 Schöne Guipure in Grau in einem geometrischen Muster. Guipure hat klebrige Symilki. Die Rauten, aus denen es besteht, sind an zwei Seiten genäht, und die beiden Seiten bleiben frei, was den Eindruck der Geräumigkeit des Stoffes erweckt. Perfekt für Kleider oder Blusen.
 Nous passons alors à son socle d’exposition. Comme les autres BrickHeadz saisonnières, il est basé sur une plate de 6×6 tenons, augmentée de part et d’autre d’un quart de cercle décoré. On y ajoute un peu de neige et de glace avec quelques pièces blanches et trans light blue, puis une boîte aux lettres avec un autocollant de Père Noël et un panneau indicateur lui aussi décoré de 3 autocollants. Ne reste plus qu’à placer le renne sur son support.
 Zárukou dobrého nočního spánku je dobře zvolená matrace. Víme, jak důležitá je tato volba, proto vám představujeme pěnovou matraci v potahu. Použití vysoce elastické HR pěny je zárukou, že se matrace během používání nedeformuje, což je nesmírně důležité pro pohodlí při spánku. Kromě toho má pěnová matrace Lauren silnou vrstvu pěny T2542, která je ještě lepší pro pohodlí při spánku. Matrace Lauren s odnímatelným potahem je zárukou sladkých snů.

==

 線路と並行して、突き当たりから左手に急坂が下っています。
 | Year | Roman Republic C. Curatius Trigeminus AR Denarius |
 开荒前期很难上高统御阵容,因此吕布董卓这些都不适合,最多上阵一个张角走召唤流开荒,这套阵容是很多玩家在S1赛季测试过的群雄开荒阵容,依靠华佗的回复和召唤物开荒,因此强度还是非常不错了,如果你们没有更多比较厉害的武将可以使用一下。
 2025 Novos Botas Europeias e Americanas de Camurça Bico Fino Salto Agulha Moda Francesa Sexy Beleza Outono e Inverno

==

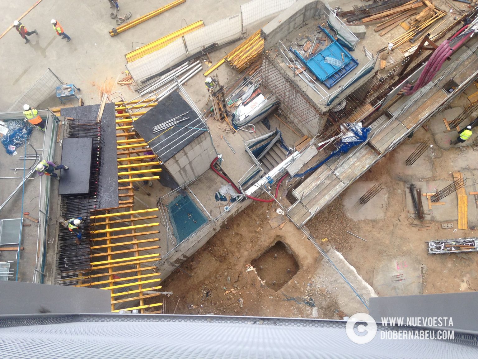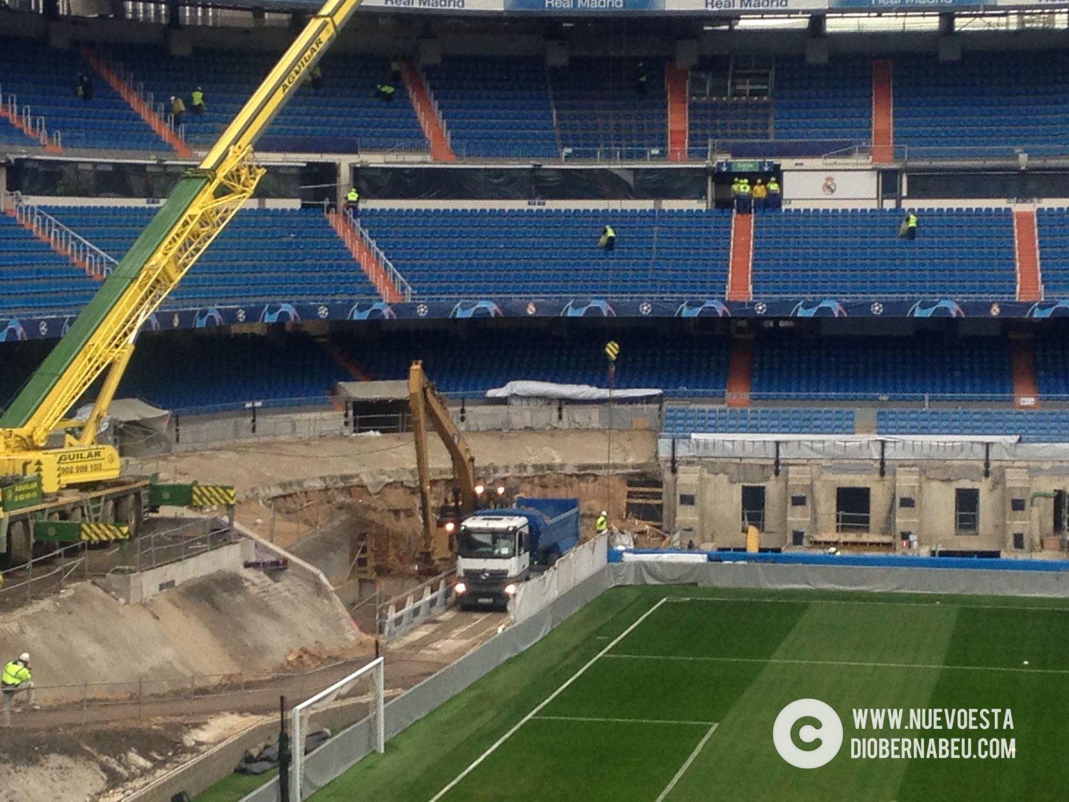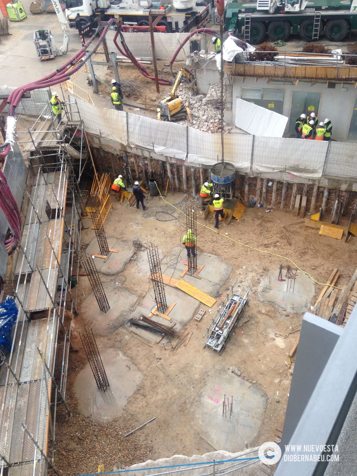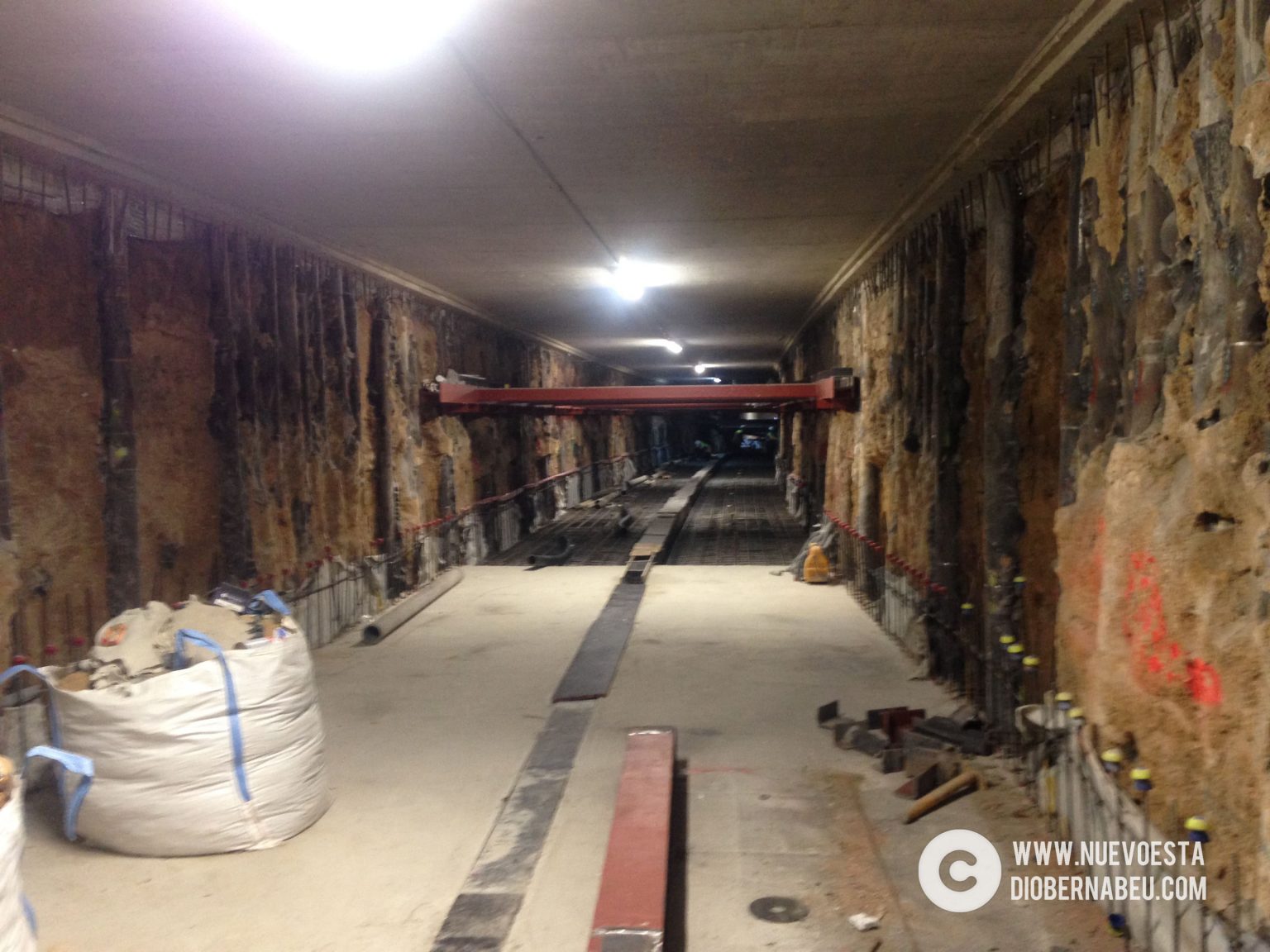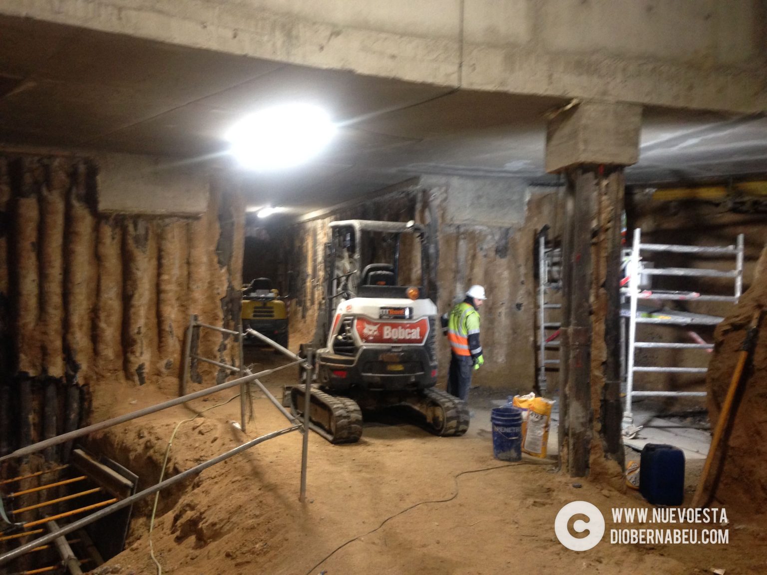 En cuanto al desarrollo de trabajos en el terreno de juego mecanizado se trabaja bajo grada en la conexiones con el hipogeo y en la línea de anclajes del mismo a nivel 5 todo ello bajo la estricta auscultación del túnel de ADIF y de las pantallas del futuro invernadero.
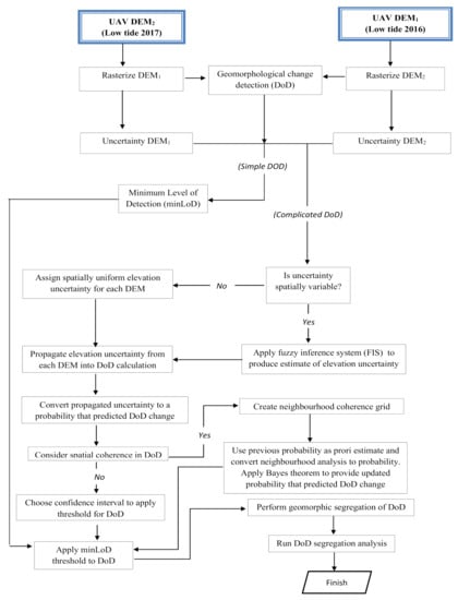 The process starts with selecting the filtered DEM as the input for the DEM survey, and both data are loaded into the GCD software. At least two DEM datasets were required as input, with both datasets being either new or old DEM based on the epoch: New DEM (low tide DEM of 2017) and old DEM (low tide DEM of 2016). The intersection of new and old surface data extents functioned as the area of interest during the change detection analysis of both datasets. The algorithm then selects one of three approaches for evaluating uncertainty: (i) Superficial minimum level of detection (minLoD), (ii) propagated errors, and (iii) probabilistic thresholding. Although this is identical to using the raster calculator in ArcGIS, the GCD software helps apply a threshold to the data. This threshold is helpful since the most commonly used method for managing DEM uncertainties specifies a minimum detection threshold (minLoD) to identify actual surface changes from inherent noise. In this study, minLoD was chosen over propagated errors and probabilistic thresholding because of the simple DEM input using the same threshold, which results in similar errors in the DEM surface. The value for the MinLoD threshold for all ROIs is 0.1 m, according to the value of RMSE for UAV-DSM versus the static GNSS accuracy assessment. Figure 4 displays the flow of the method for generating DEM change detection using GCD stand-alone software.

WORK INSTRUCTION: The response should be the listing above, limited to the lines between the one holding "Schöne Guipure in" and the one holding "Nous passons alors", inclusive, reproduced exactly.

WRITTEN SOLUTION:
 Schöne Guipure in Grau in einem geometrischen Muster. Guipure hat klebrige Symilki. Die Rauten, aus denen es besteht, sind an zwei Seiten genäht, und die beiden Seiten bleiben frei, was den Eindruck der Geräumigkeit des Stoffes erweckt. Perfekt für Kleider oder Blusen.
 Nous passons alors à son socle d’exposition. Comme les autres BrickHeadz saisonnières, il est basé sur une plate de 6×6 tenons, augmentée de part et d’autre d’un quart de cercle décoré. On y ajoute un peu de neige et de glace avec quelques pièces blanches et trans light blue, puis une boîte aux lettres avec un autocollant de Père Noël et un panneau indicateur lui aussi décoré de 3 autocollants. Ne reste plus qu’à placer le renne sur son support.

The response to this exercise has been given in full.